I've decided to experiment with drawing my own forecast tracks to make my ideas more coherent. Below is my first attempt. My track closely follows the current NHC track on the southern side of the model guidance envelope, based on the previous poleward bias that the models had with Ernesto, and tend to have with weak central Atlantic systems in general. This track is also based on the premise that TD 7 will remain weak and get whisked along quickly westward by the trade winds, with little opportunity to strengthen and move poleward. While TD 7 may get named Gordon before reaching the Caribbean, strengthening of any kind will be hard to come by, and TD 7 could dissipate in the central Caribbean.

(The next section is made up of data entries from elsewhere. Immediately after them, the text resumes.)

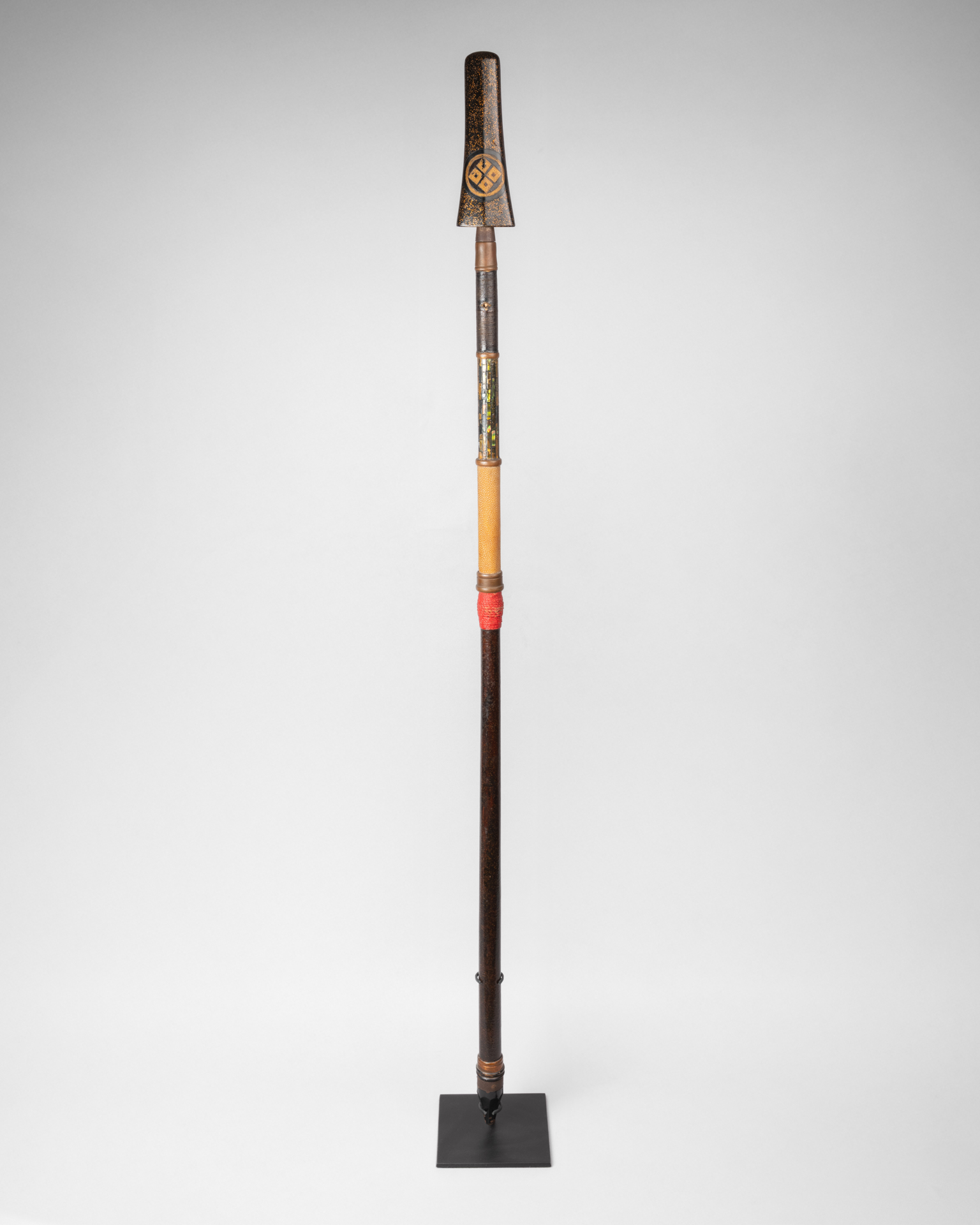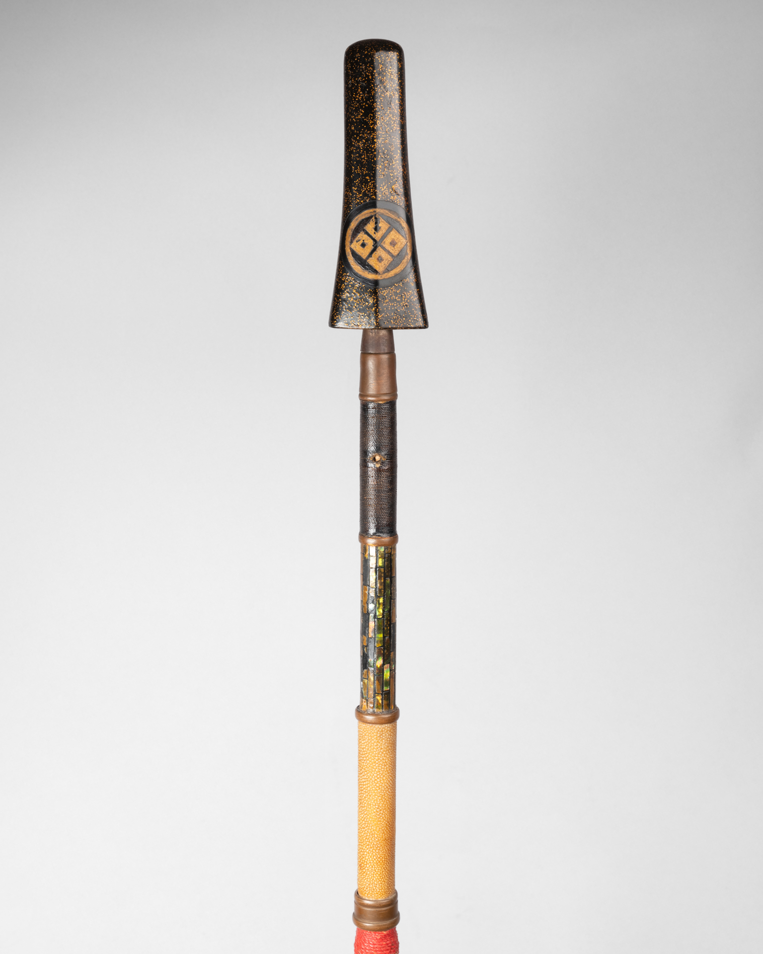 Yari couverte Période Edo Yari en forme de lance, ou plus précisément de lance à pointe droite. Galuchat, Incrustations de burgeau En partie basse, le hirumaki protège la hampe des dommages par contact avec le sol, mais qui peut également être utilisé pour la frappe et la poussée. Longueur : 108,5 cm
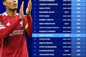 體育資訊12月14日訊 英超第16輪,利物浦在安菲爾德以2-0的比分戰(zhàn)勝布萊頓。本場比賽,紅軍隊長范戴克迎來代表球隊的第150場英超出場,這讓他足以位居隊史第11位。
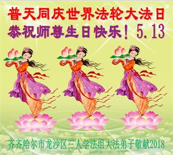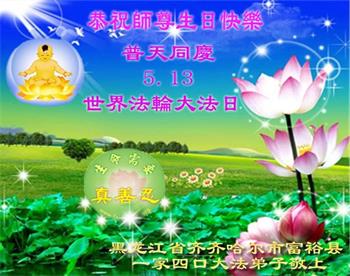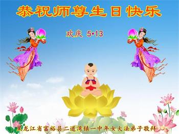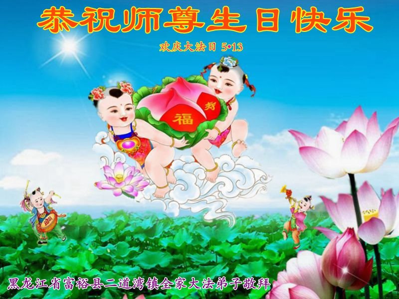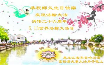 【明慧网二零一八年五月八日】 黑龙江省齐齐哈尔市富裕县二道湾镇大法弟子恭祝师尊生日快乐!
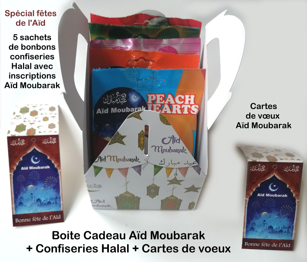 Pack special Aid Moubarak Boite cadeau + Melange de 5 sachets de bonbons "Eid Mubarak" et Cartes de voeux Eid Mubarak
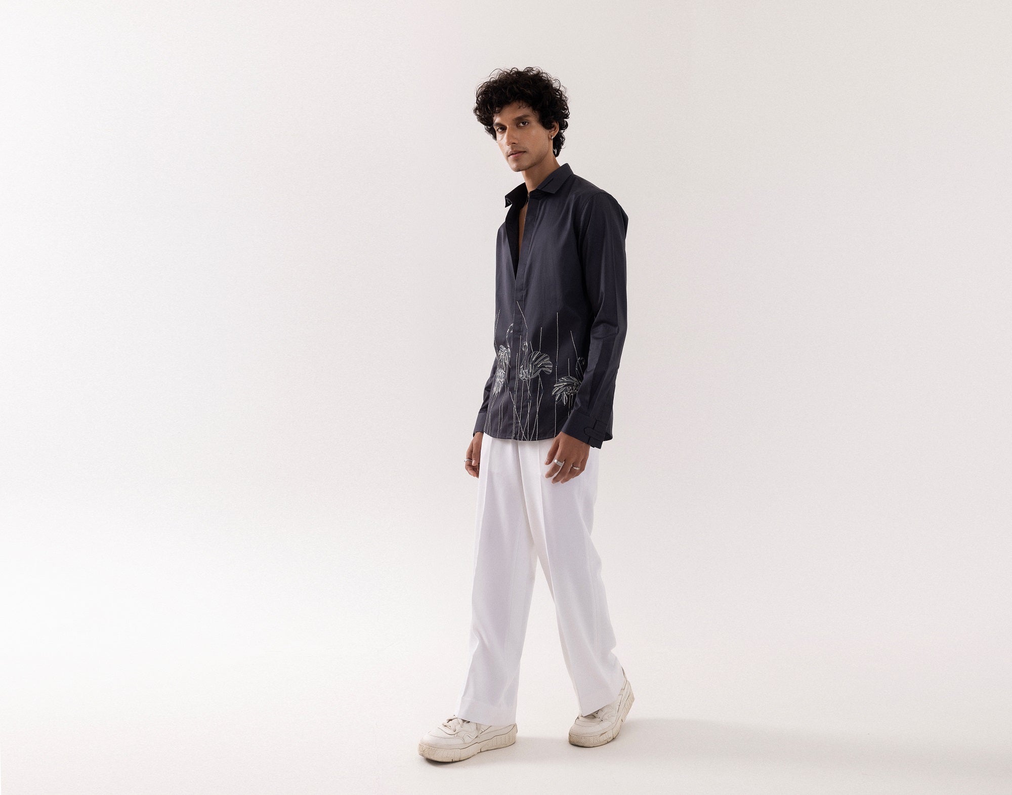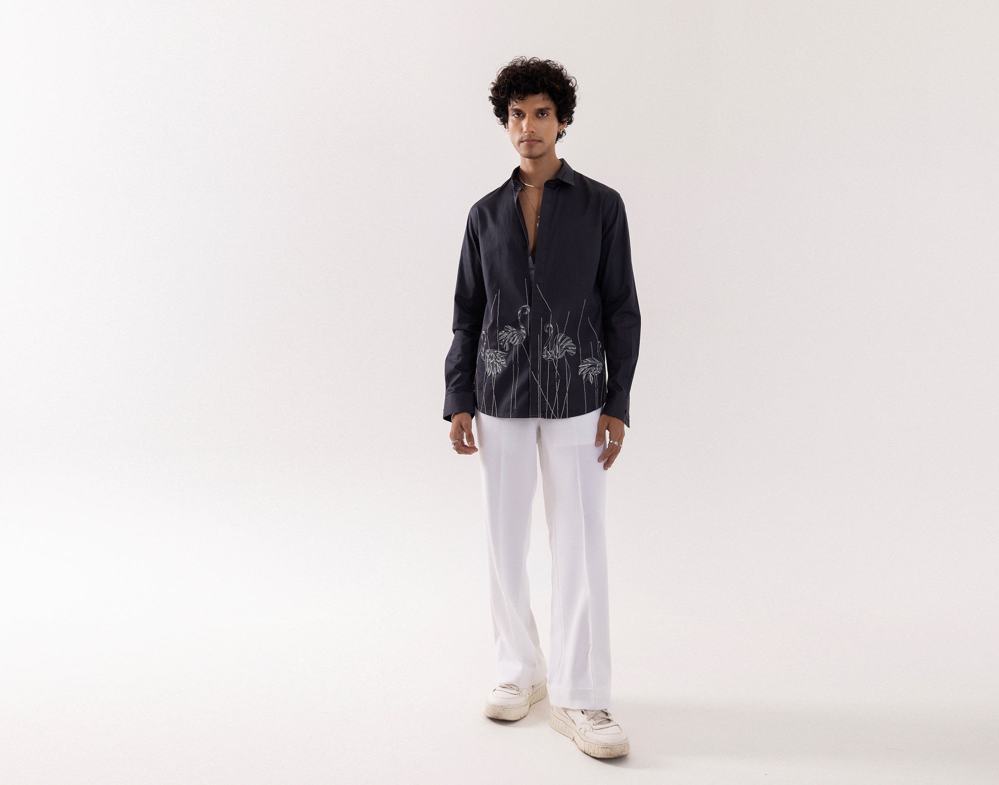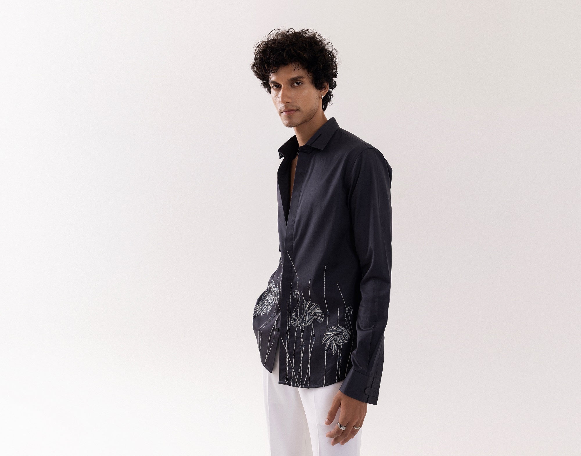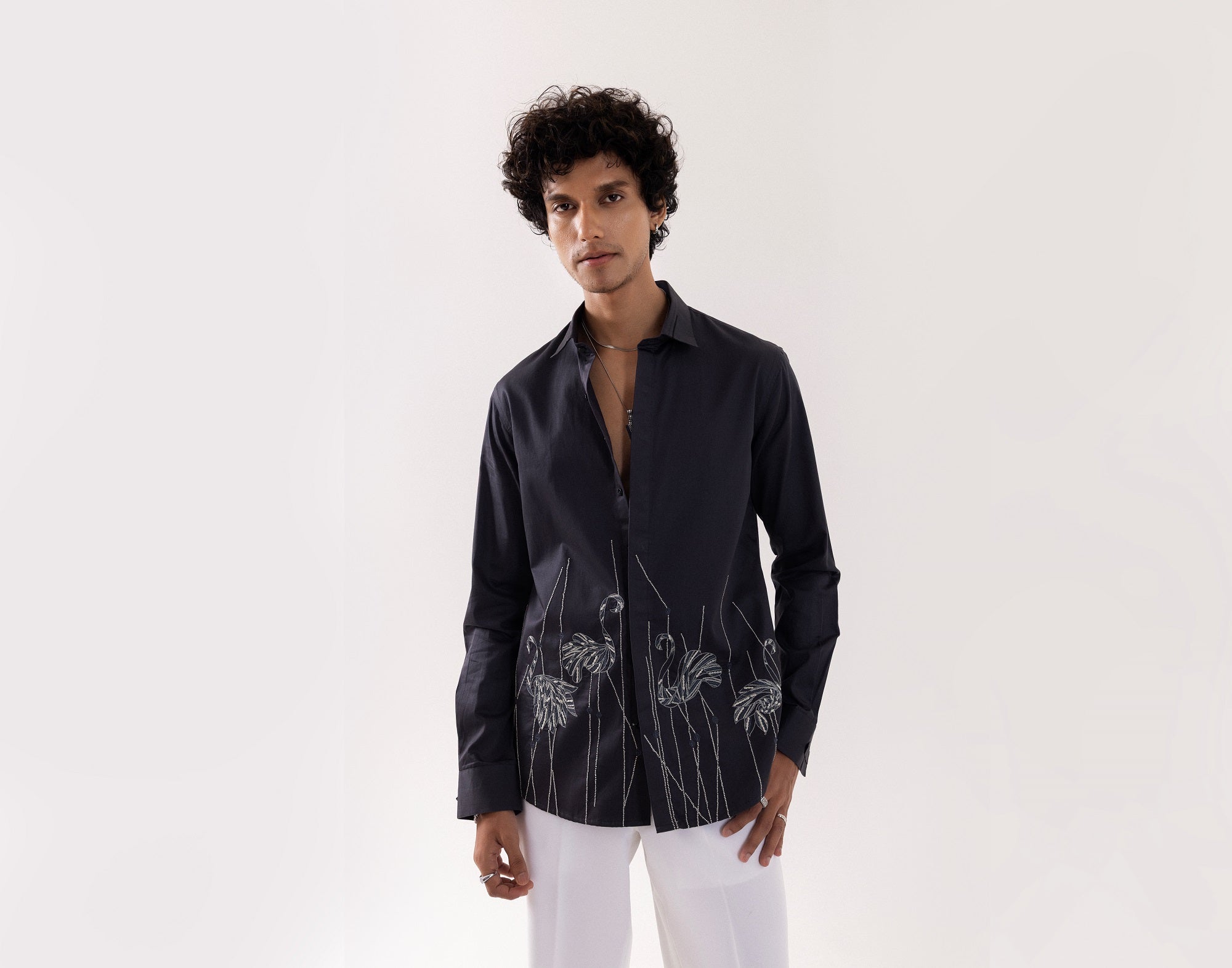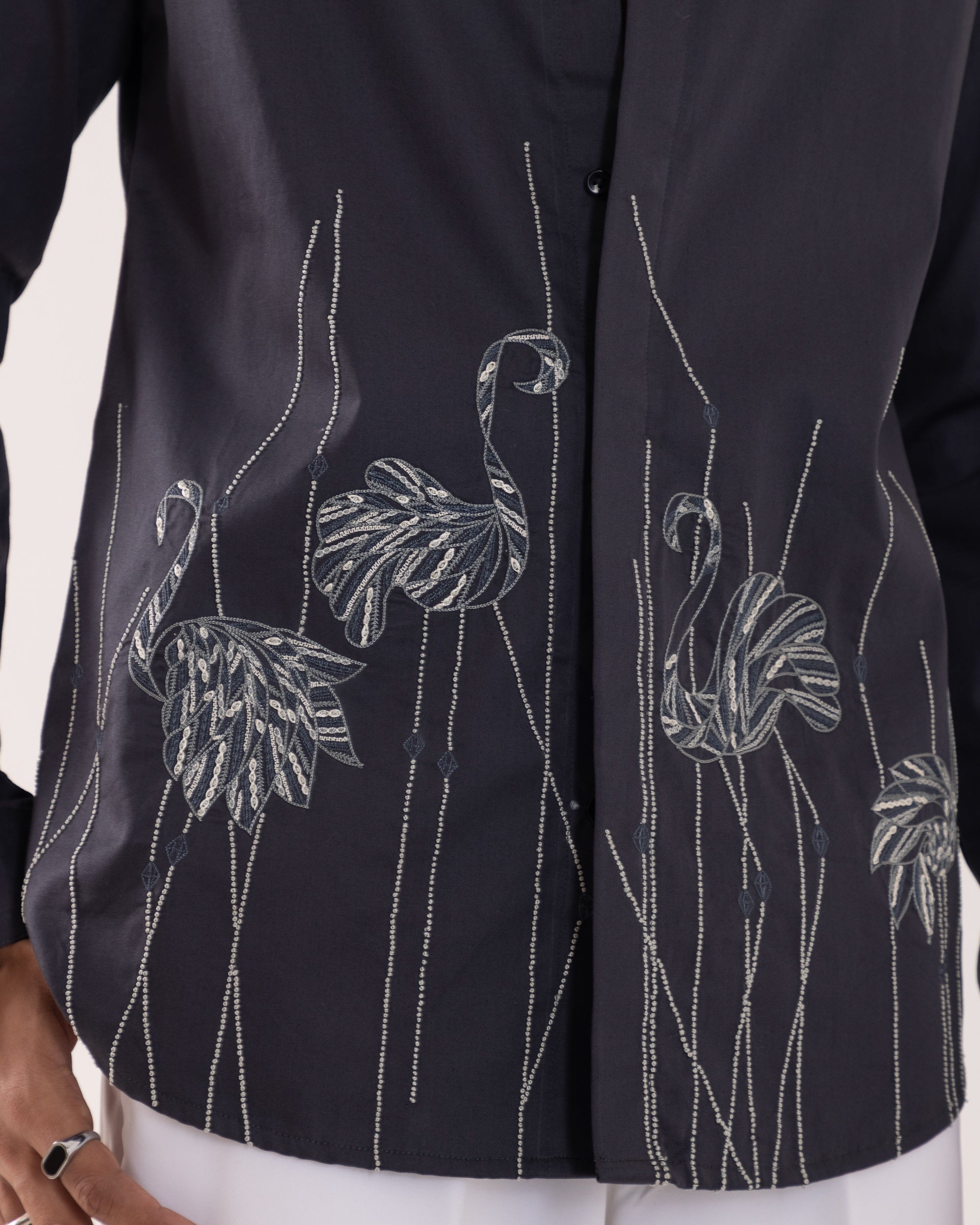 A charcoal grey cotton shirt featuring a striking geometric pattern that subtly incorporates a flamingo motif, embroidered in two shades of grey to harmonize with the base color. The design blends structure with elegance, enhanced by coordinated detailing on the collar, cuffs, and back, creating a cohesive and contemporary look with a refined artistic touch.

In the long-range, TD 7's remnants may retain a mid-level signature and move towards central America and the western Gulf of Mexico into a potential opening in the ridge to the north. The CMC and GFS ensembles show TD 7's mid-level wave structure taking this path in 7-10 days. Given the pattern this year favoring development farther west and north, it is possible that a former TD 7 getting into this region could pose a development threat down the road, though it is too far away to know at this time. In general, a southeasterly 500mb flow out of the Caribbean towards Texas indicates that tropical moisture will be advecting northward, and could be something to watch in the long range.

Elsewhere, a vigorous tropical wave has moved off of Africa and is moving across the Cape Verde islands bringing rare tropical rains to that area. Due to its northerly latitude, recurvature in to the middle of the Atlantic seems to be the likely future for this system, with no threat to land. Also due to its latitude, dry air is quickly choking the circulation, and development, if any, will be slow to occur, and the system will have to get significantly farther west and north if it is to have a chance at development.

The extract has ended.